If you examine this array, you find that it contains widths, heights, filenames of the various sizes of thumbnails generated, etc. But it also contains an array called “image_meta”. This is an array of information that represents everything WordPress was able to glean from the image itself. After you know this, it’s just a matter of displaying it properly.

For example, to display the camera name, he has code similar to this:

if ($imagemeta['image_meta']['camera']) {
	echo "Camera: " . $imagemeta['image_meta']['camera'];
}

There’s other bits in there, like Aperture, Focal Length, ISO settings, and Shutter Speed. Most of these are straightforward, except for shutter speed which is often not in an easy format to display. Usually it’s a fractional value, represented as a decimal. Often we want to convert this to the fractional display. Here’s a bit of code I wrote to do that. It’s not perfect, but what is?

if ($imagemeta['image_meta']['shutter_speed']) {
	echo 'Shutter: ';

	// shutter speed handler
	if ((1 / $imagemeta['image_meta']['shutter_speed']) > 1) {
	echo "1/";
		if (number_format((1 / $imagemeta['image_meta']['shutter_speed']), 1) ==  number_format((1 / $imagemeta['image_meta']['shutter_speed']), 0)) {
			echo number_format((1 / $imagemeta['image_meta']['shutter_speed']), 0, '.', '') . ' sec';
		} else {
			echo number_format((1 / $imagemeta['image_meta']['shutter_speed']), 1, '.', '') . ' sec';
		}
	} else {
		echo $imagemeta['image_meta']['shutter_speed'].' sec';
	}
}

Ugly, I know, but it gets the job done, more or less. Works on most shutter speeds I’ve tested it with.

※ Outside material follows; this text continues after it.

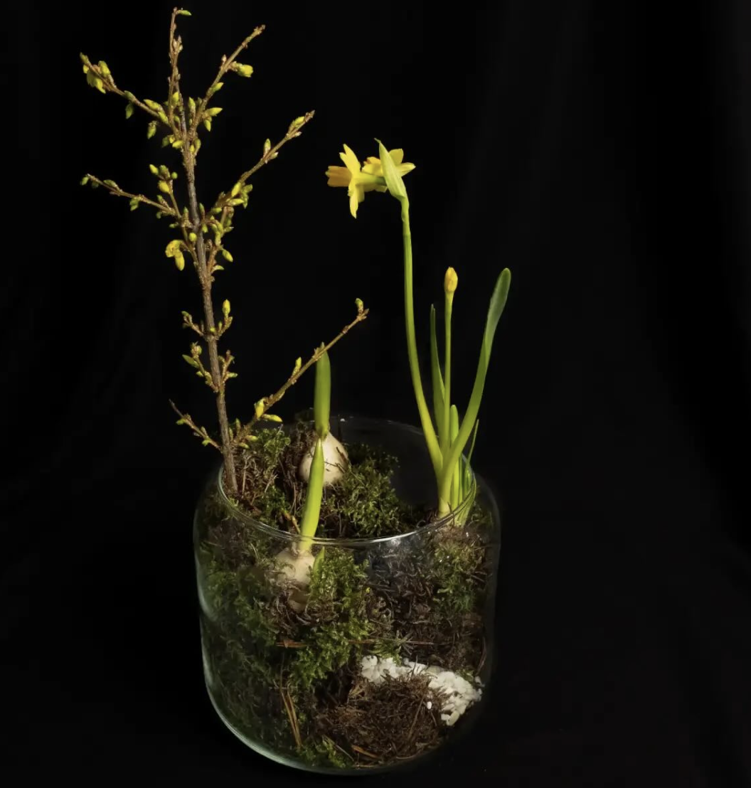 🌸 Москва, мастер-класс «Первоцветы: весенняя композиция с форзицией и нарциссами», 1–31 марта

Gallery Formatting in the Stream

Now, obviously you want your posts to look good in the normal flow of the blog as well. Twenty-Ten and the upcoming Twenty-Eleven themes both show you how to do this rather easily. Twenty-Ten used the “gallery” category for this at one point, before Post Formats came along and made that method obsolete. Now it uses the gallery post format instead.

So first, obviously, your theme will need to support the gallery post format. This is easy, just add this to your theme’s functions.php if it doesn’t have gallery support already (or add “gallery” to it if it does have post format support).

add_theme_support( 'post-formats', array( 'gallery') );

Now that that’s done, you have the option of choosing gallery as a post format. So you need to edit your theme to use that flag as an indicator to display things differently.

There’s plenty of tutorials on post formats out there, so I’ll assume you’re more than capable of figuring out how to use has_post_format(‘gallery’) or the “.home .format-gallery” CSS indicators to style the posts as needed.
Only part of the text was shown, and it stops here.